BEGIN

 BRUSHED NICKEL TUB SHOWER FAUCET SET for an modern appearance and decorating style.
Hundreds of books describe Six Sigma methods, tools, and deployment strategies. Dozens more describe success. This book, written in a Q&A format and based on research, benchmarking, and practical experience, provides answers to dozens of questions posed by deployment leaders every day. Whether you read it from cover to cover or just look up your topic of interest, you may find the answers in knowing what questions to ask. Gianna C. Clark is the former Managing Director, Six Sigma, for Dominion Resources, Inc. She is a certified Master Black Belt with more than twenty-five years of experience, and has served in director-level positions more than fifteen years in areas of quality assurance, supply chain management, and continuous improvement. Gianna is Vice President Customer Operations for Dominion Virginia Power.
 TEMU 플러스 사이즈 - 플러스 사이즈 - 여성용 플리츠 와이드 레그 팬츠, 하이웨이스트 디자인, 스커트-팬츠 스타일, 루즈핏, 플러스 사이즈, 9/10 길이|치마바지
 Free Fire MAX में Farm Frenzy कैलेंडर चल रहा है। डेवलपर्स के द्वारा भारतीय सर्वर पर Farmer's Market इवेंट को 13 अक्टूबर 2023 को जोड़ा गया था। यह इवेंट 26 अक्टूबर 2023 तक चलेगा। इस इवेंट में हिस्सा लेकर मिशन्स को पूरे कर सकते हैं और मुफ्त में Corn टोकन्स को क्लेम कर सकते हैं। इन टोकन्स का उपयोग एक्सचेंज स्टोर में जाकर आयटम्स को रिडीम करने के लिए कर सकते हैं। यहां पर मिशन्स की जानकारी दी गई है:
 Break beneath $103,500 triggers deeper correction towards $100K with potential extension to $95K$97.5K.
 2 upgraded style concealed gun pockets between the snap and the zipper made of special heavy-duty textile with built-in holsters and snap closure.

END
BEGIN

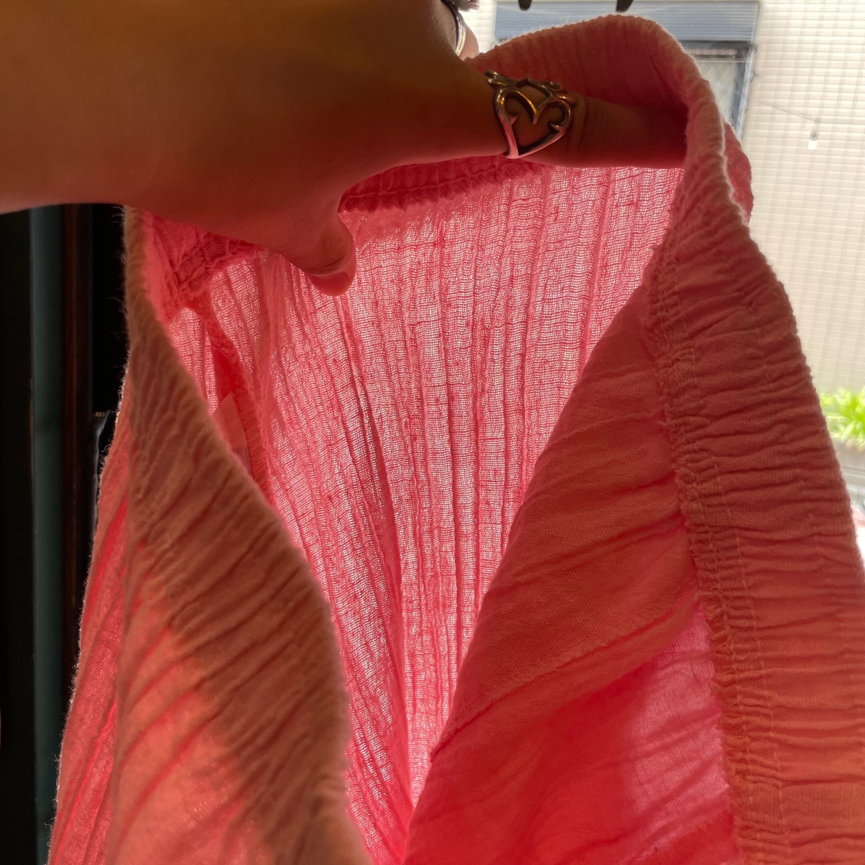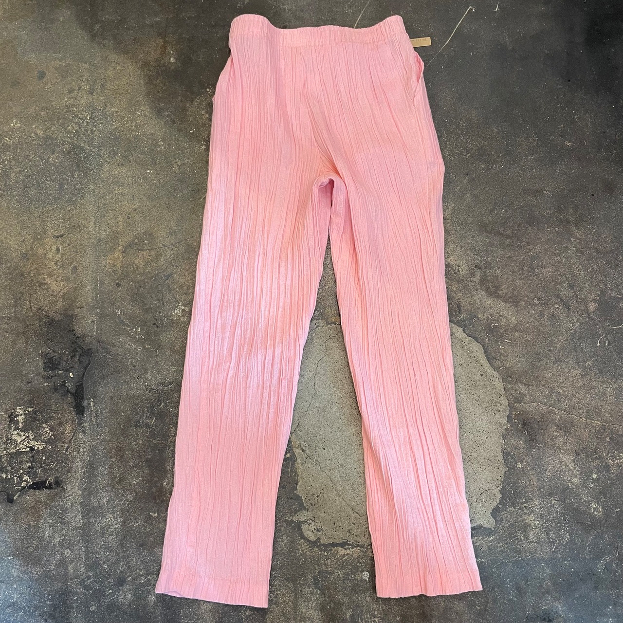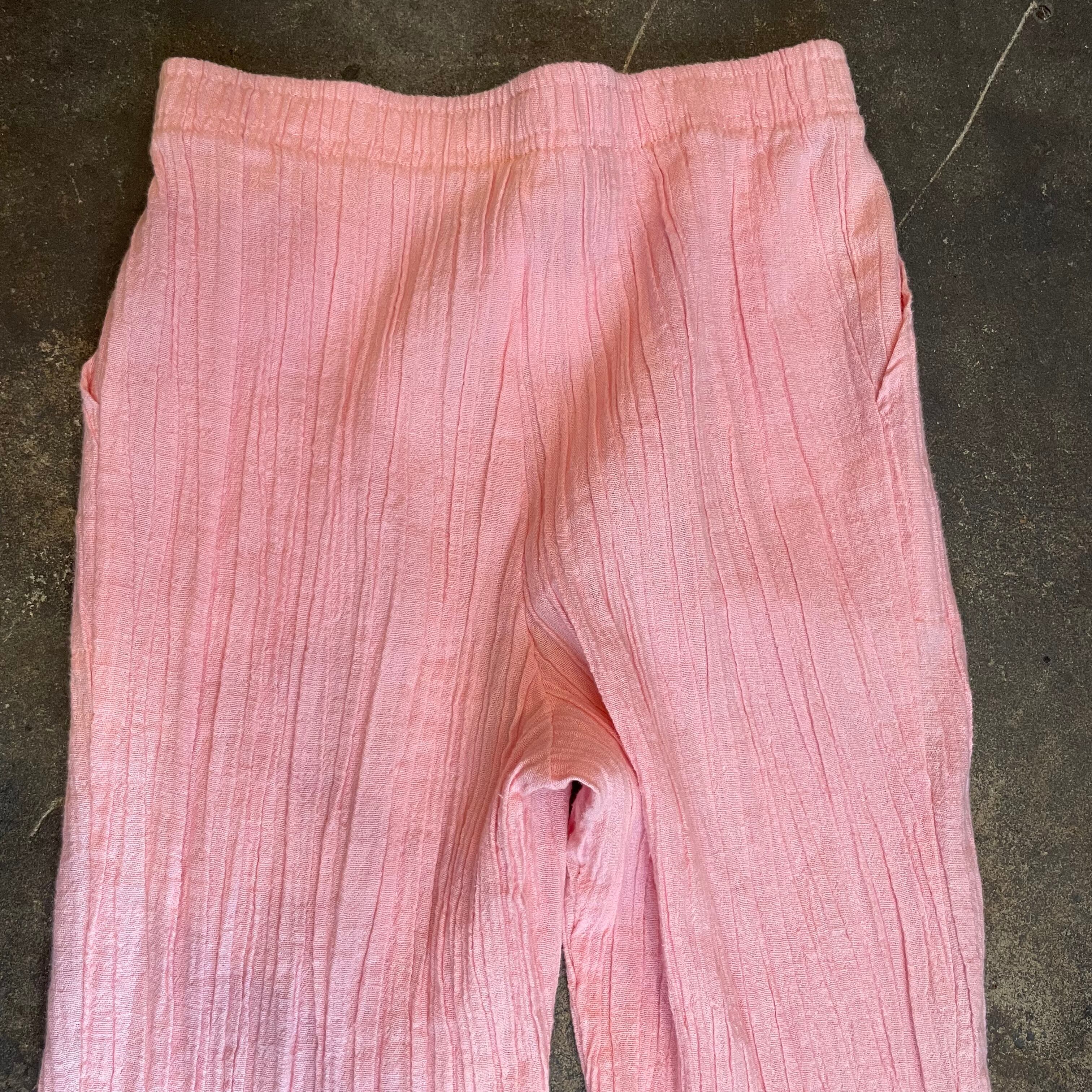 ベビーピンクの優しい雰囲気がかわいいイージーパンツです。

END

**PROBLEM DETAILS**: What is the number of lines in the listing that contain "with"? State it and nothing more.

**YOUR SOLUTION**: 3